TASK DATA START

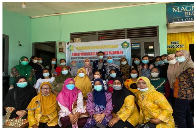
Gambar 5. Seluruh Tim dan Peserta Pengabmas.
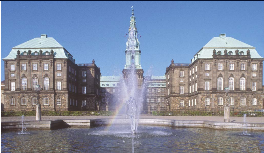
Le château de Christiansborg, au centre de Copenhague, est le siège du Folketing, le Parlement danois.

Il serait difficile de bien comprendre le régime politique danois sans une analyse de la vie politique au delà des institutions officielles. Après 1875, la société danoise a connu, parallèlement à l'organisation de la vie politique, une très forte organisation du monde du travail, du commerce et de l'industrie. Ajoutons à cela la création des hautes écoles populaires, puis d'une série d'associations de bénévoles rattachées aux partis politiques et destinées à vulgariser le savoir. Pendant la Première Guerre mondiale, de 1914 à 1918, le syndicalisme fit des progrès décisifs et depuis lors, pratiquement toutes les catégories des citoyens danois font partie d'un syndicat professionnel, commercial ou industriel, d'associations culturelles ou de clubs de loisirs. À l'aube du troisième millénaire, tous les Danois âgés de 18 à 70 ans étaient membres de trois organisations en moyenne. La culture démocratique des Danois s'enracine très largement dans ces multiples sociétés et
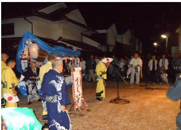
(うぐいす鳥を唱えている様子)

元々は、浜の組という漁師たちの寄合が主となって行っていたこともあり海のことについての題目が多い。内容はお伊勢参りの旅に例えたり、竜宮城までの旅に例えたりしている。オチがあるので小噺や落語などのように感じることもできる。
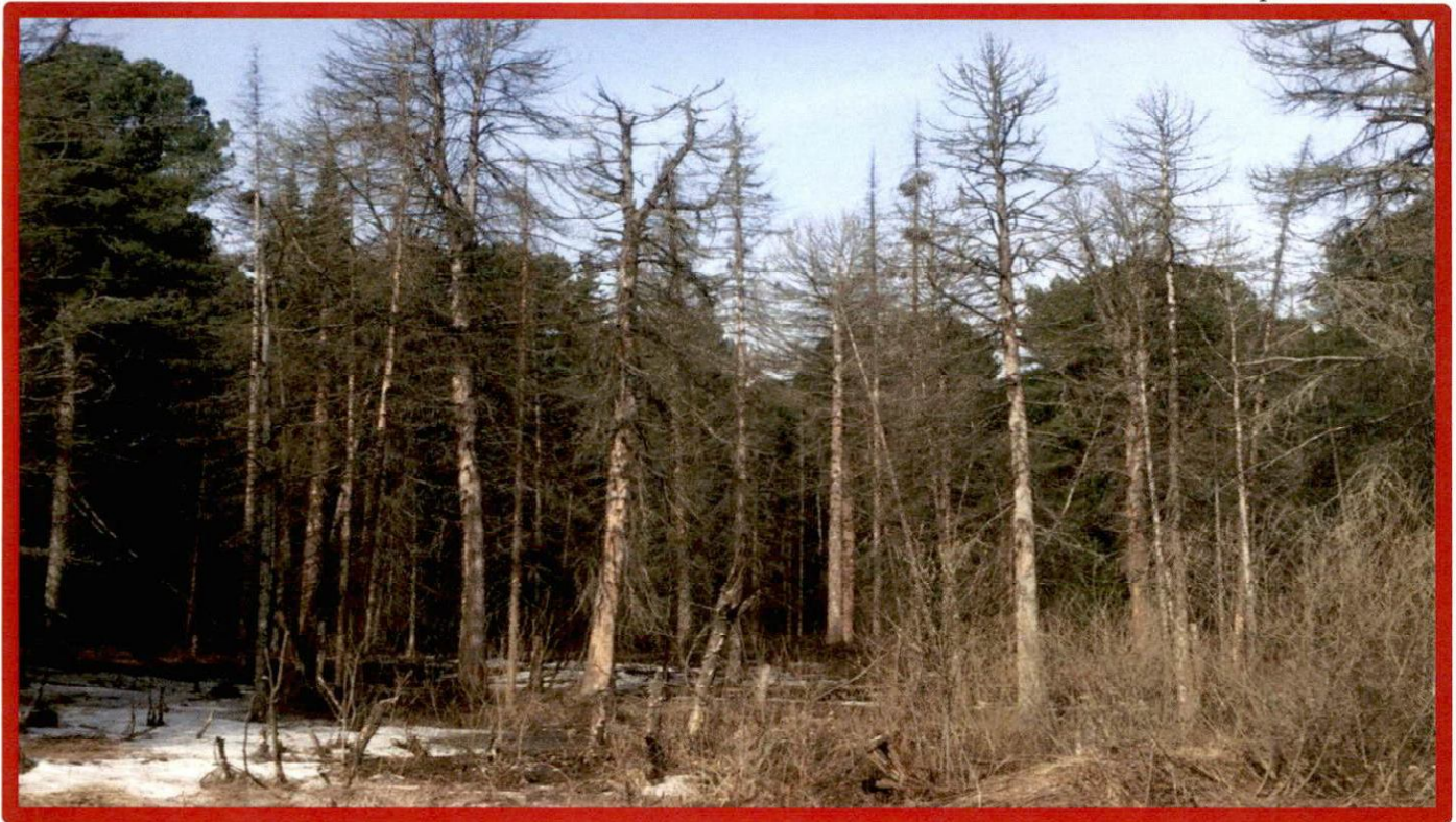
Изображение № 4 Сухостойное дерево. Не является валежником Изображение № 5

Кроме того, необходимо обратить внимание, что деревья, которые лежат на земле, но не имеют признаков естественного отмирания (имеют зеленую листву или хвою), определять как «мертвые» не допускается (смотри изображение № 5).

TASK DATA END
TASK DATA START

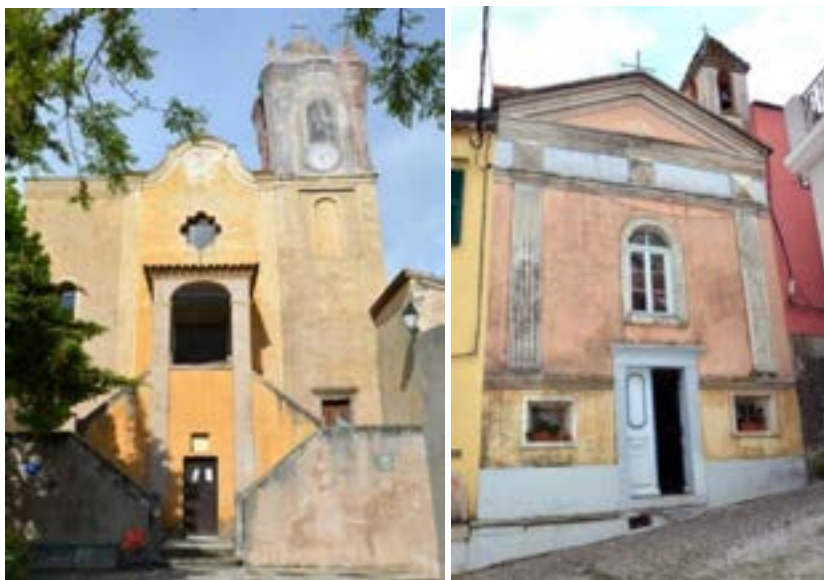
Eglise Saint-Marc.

TASK DATA END

TRY IT: Everything above from the line containing "(うぐいす鳥を唱えている様子)" down to the line containing "Кроме того, необходимо" is to be duplicated exactly, both lines included, and the pictures are to be omitted.

RESPONSE:
(うぐいす鳥を唱えている様子)

元々は、浜の組という漁師たちの寄合が主となって行っていたこともあり海のことについての題目が多い。内容はお伊勢参りの旅に例えたり、竜宮城までの旅に例えたりしている。オチがあるので小噺や落語などのように感じることもできる。
Изображение № 4 Сухостойное дерево. Не является валежником Изображение № 5

Кроме того, необходимо обратить внимание, что деревья, которые лежат на земле, но не имеют признаков естественного отмирания (имеют зеленую листву или хвою), определять как «мертвые» не допускается (смотри изображение № 5).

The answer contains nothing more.